No , Lincoln NEVER ran a dragnet over the entire Union population . His suspension of habeas was a direct result of an internal rebellion inside the United States. Washington DC was right on the Confederate border and was constantly in danger of being cut off from the rest of the Union .That fact alone impacted every war time strategy the North employed in the Eastern theater of the war. The 1st time he suspended it ,20,000 Confederate sympathizers in Baltimore tried to stop Union troops from traveling from one train station to another en route to Washington, causing a riot. So on April 27,1861 Lincoln suspended the habeas corpus privilege on points along the Philadelphia-Washington route. That meant Union generals could arrest and detain without trial anyone in the area who threatened the passage of Union troops to the Capitol and the battlefield.

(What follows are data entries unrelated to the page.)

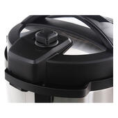 Модель обладает современным сдержанным дизайном, металлический корпус долговечен, устойчив к повреждениям и не требователен к уходу. На крышке расположена ручка для переноски. Мультиваркой удобно пользоваться даже в ограниченном пространстве, при необходимости её можно убрать, взять с собой на дачу или в загородный дом.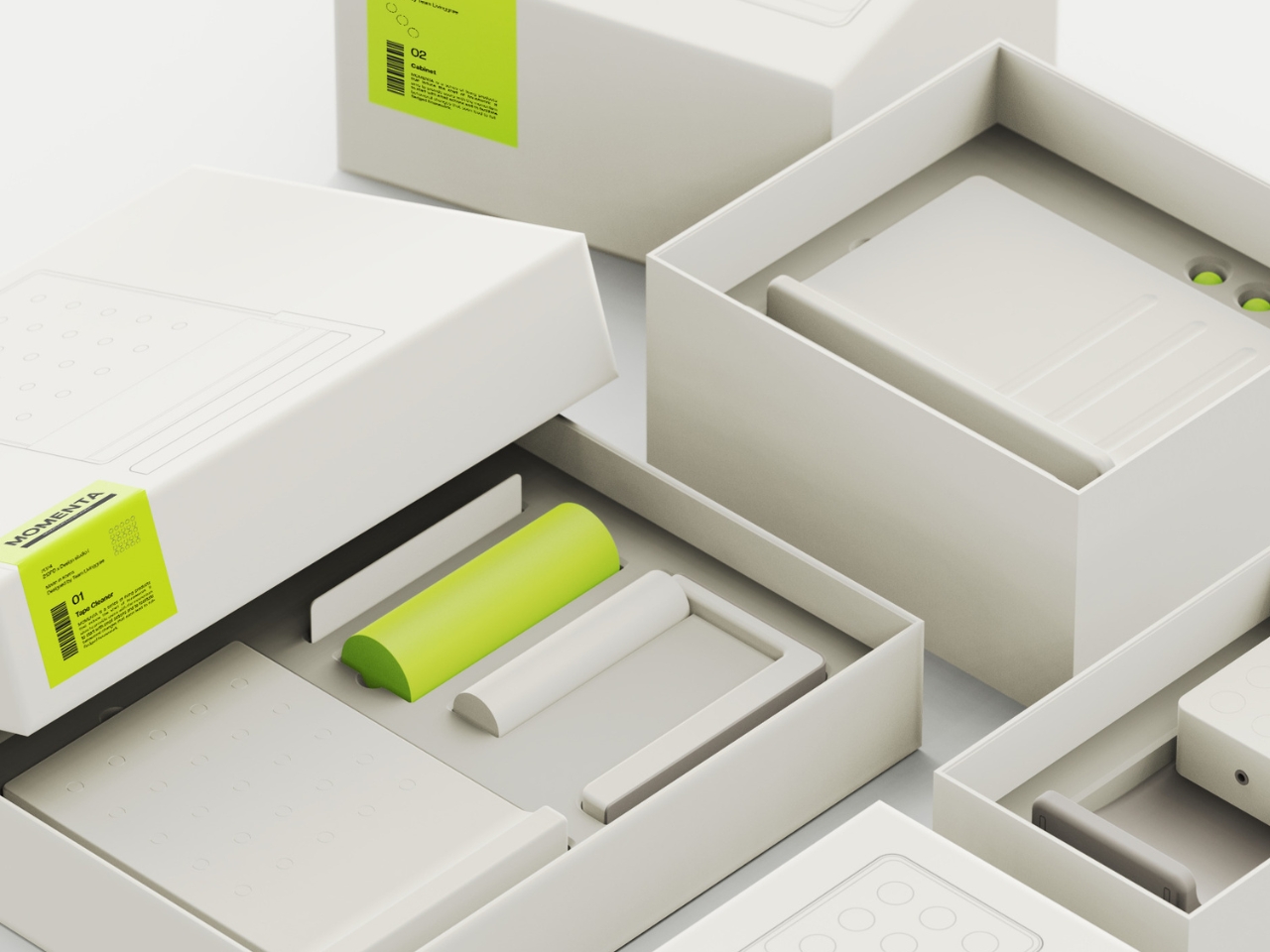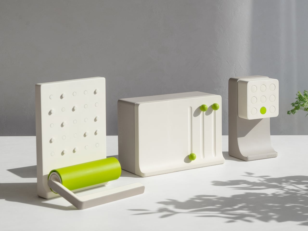 What makes Momenta genuinely interesting beyond its novelty is the layer of restraint in its design. Nothing here is loud or demanding. There’s no beeping, no blinking display, no app required. The products are minimal and clean, rendered in white with sharp pops of green for the triggers. They look like they belong in a thoughtfully curated home. The triggers do their work subtly, appealing to your instincts rather than interrupting your day.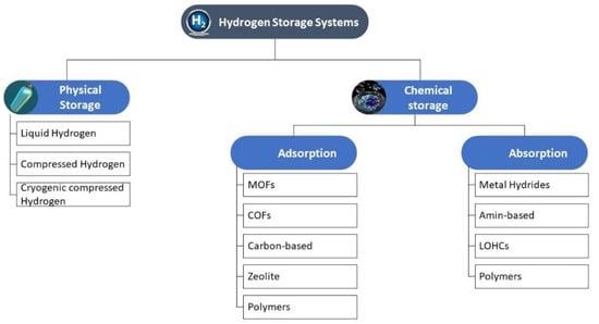 In contrast to PS, material-based or chemical storage (CS) relies on materials that can reversibly store hydrogen either as hydride or molecular hydrogen [,]. CS is predicted to have a higher hydrogen storage capacity at room temperature and lower pressures as well as a slower hydrogen release rate. There are two classes of chemical storage system, and each class has some subgroups based on the storage mechanism of absorption or adsorption (Figure 2). Metal hydrides such as LiBH4 or NaBH4 [,,,], amine-based materials [], and liquid organic carriers (LOHs) [,] store hydrides through the absorption mechanism. In such systems, hydrogen is able to be absorbed and released repeatedly by using hydrolysis, ammonolysis, or thermolysis methods. On the other hand, the hydrogen carriers based on the adsorption mechanism are metal–organic frameworks (MOFs) [], covalent organic frameworks (COFs) [,], and carbon-based carriers [,,]. There are advantages and disadvantages to each family; however, the most important drawbacks are related to hydrogen capacity, hydrogenation/dehydrogenation kinetics, hydrogen purity, process conditions, and overall cost, since the recovery of hydrogen from these materials mostly involves energy-inefficient endothermic processes [,].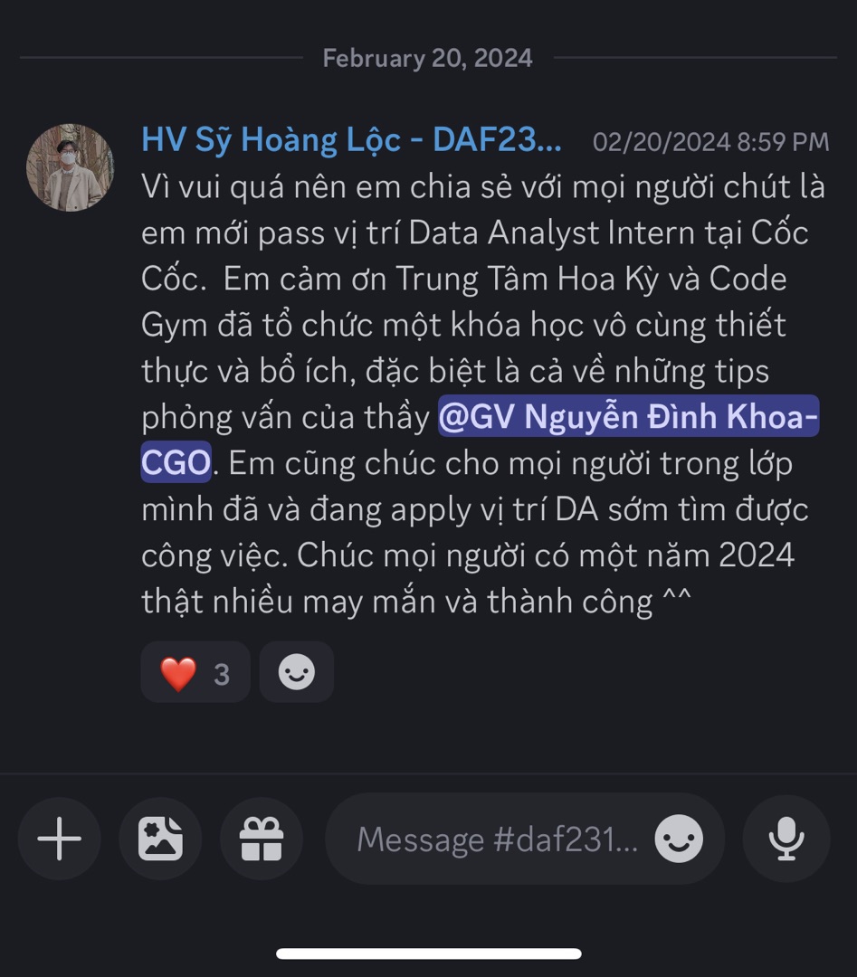 Ban đầu em cũng sợ học online không hiệu quả, nhưng ở CodeGym mọi người support rất nhiệt tình, mentor cũng nhanh chóng giải đáp thắc mắc cho tụi em. CodeGym Online đúng là nơi ước mơ bắt đầu. Cảm ơn mọi người nhiều.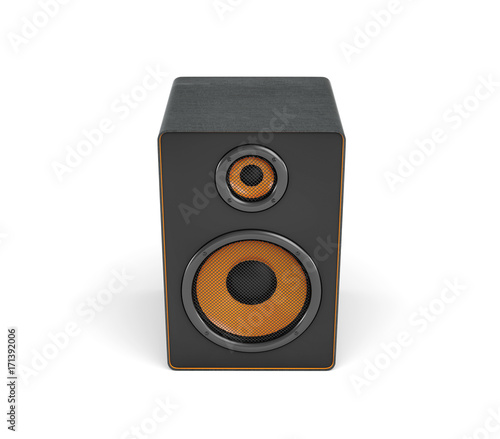 © gearstd, Obraz premium 3d rendering of a large black stereo box with two round speakers on white background.

Now the Emperor has on more than one occasion made the statement that the war of terrorism is over . So why would he need broad executive powers to execute a war that he declares is over ? And even if any type of action was justifiable ,why a broad data mining on all Americans ? What purpose does that serve ? He can't even make the case that it prevented the worse terrorist attack inside the United States since 9-11 .
Did Lincoln have to worry about planes into skyscrapers, nuke, or dirty bombs, pressure cookers bombs, suicide bombers, or drug violence?
No, he thought he could take his wife to the theater and enjoy the show. So now you want the FBI to not have the tools to even get a whiff of a bad guy. The fact that the programs now have been going on for decades and technology has made them expand why? Because there are more bad guys who are smarter than the cop, state or national. After the fact response is too late. This is no different than a cop with a radar gun to catch speeders to me, but the oversight against abuse should be a paramount concern for all.
Despite the hollering we have no evidence of abuses at this time but the debate continues.